#### Task brief:
When you reach the line that contains "f The <DVI-D", begin copying exactly and continue through the last line below. Do not copy pictures.

#### Exercise data:
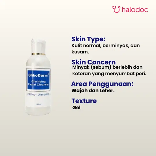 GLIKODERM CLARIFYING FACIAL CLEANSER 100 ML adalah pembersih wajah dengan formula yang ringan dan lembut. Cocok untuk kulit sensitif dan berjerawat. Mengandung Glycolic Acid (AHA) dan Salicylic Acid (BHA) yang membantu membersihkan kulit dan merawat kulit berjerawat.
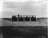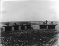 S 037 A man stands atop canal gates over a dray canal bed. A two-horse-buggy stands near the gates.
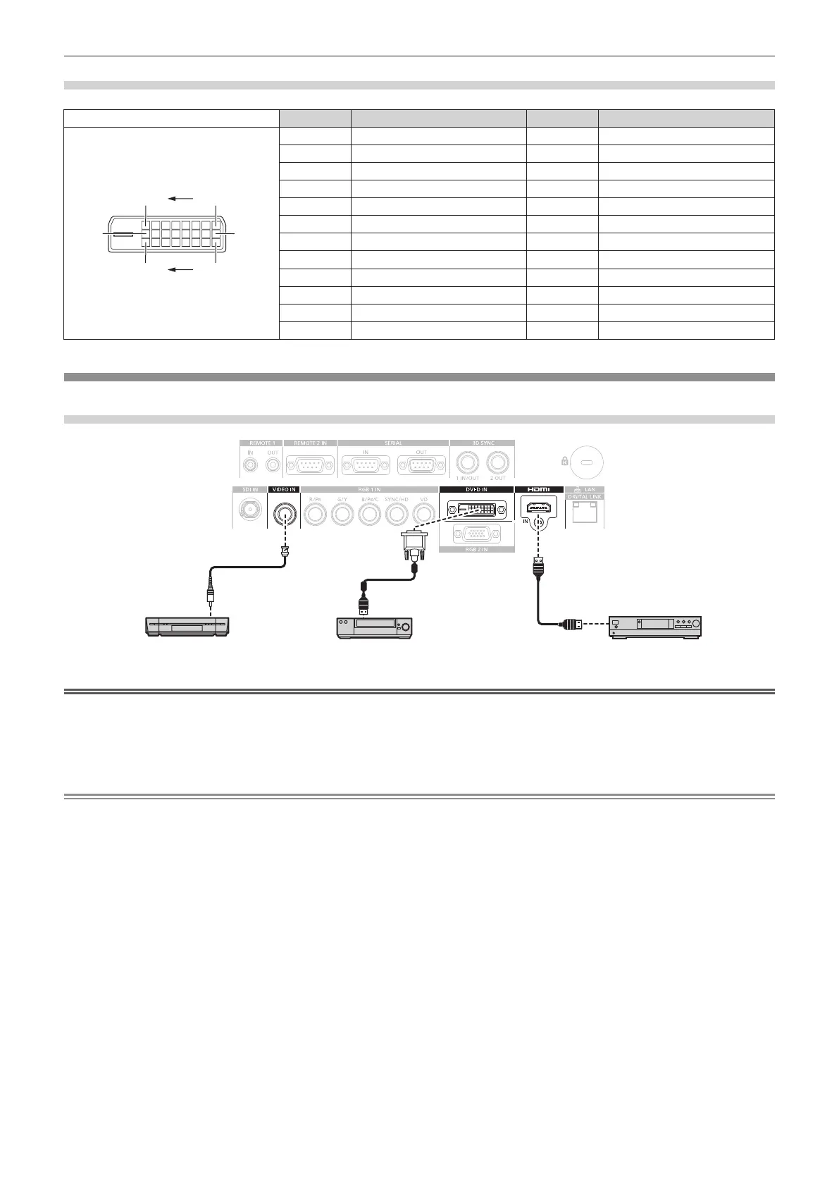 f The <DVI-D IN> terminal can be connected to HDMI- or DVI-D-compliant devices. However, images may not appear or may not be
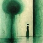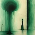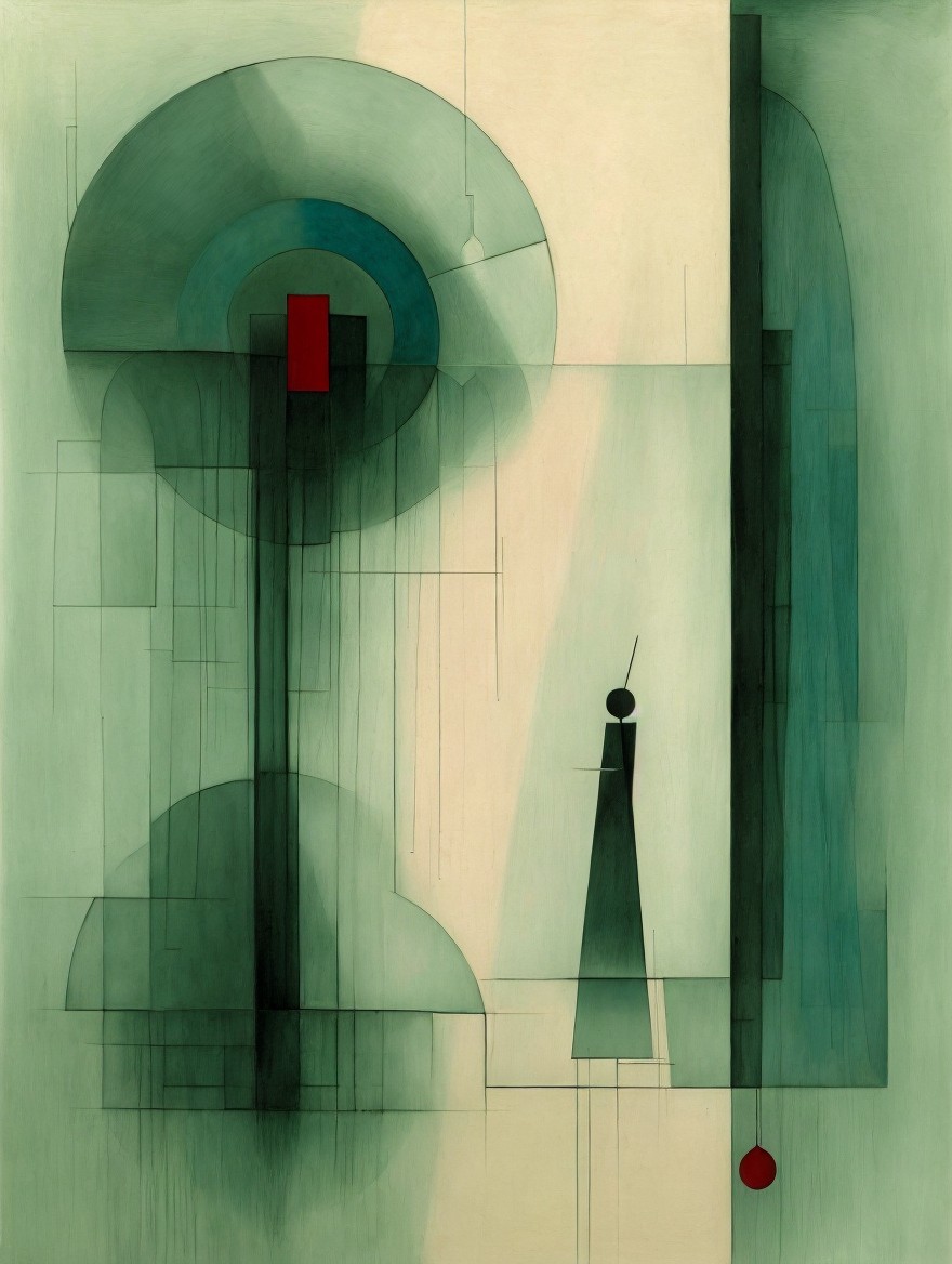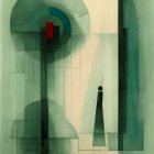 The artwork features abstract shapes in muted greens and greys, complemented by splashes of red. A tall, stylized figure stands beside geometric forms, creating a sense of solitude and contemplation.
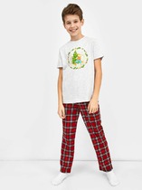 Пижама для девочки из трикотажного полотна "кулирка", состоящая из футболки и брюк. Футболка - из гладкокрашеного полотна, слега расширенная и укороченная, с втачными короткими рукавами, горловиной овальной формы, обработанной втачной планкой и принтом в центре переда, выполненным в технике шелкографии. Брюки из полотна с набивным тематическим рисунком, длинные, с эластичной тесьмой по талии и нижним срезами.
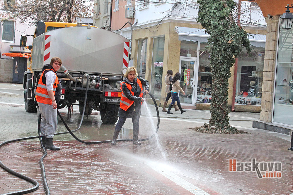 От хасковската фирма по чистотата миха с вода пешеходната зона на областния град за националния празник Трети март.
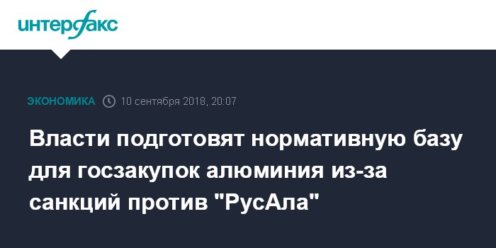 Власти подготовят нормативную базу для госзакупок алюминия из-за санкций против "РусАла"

#### Response:
 f The <DVI-D IN> terminal can be connected to HDMI- or DVI-D-compliant devices. However, images may not appear or may not be
 The artwork features abstract shapes in muted greens and greys, complemented by splashes of red. A tall, stylized figure stands beside geometric forms, creating a sense of solitude and contemplation.
 Пижама для девочки из трикотажного полотна "кулирка", состоящая из футболки и брюк. Футболка - из гладкокрашеного полотна, слега расширенная и укороченная, с втачными короткими рукавами, горловиной овальной формы, обработанной втачной планкой и принтом в центре переда, выполненным в технике шелкографии. Брюки из полотна с набивным тематическим рисунком, длинные, с эластичной тесьмой по талии и нижним срезами.
 От хасковската фирма по чистотата миха с вода пешеходната зона на областния град за националния празник Трети март.
 Власти подготовят нормативную базу для госзакупок алюминия из-за санкций против "РусАла"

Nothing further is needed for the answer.